(Stored data)
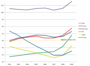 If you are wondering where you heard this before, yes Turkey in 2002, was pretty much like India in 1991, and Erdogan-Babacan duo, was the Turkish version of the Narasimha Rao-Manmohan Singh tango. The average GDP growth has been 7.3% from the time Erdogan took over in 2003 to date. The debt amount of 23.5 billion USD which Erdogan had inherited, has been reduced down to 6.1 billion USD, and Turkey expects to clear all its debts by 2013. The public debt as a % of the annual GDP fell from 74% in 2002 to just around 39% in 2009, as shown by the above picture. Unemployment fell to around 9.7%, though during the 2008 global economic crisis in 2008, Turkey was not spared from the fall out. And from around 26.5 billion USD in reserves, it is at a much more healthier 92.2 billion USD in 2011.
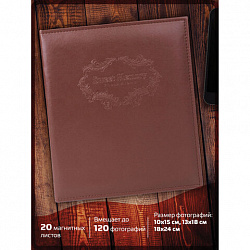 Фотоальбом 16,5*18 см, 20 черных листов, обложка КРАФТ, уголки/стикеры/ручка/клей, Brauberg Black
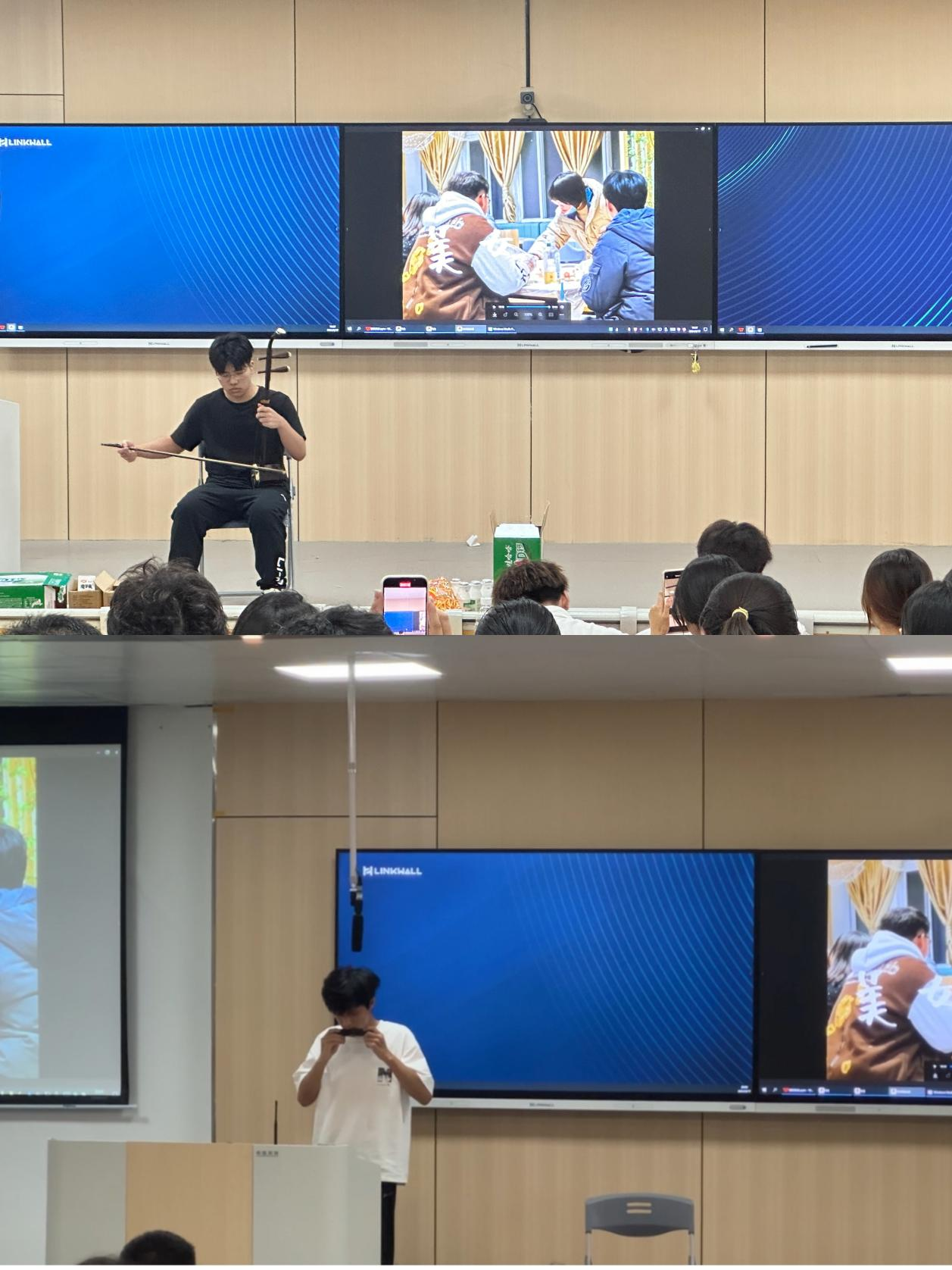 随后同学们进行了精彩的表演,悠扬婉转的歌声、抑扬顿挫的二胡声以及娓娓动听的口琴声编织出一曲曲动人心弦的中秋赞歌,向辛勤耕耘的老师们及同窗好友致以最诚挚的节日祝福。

(Task prompt) Copy out, unchanged, the span of lines beginning with the one that includes "Фотоальбом 16,5*18 см, 20" and running through the final line of the material above. Leave the pictures out.

(Exercise result)
 Фотоальбом 16,5*18 см, 20 черных листов, обложка КРАФТ, уголки/стикеры/ручка/клей, Brauberg Black
 随后同学们进行了精彩的表演,悠扬婉转的歌声、抑扬顿挫的二胡声以及娓娓动听的口琴声编织出一曲曲动人心弦的中秋赞歌,向辛勤耕耘的老师们及同窗好友致以最诚挚的节日祝福。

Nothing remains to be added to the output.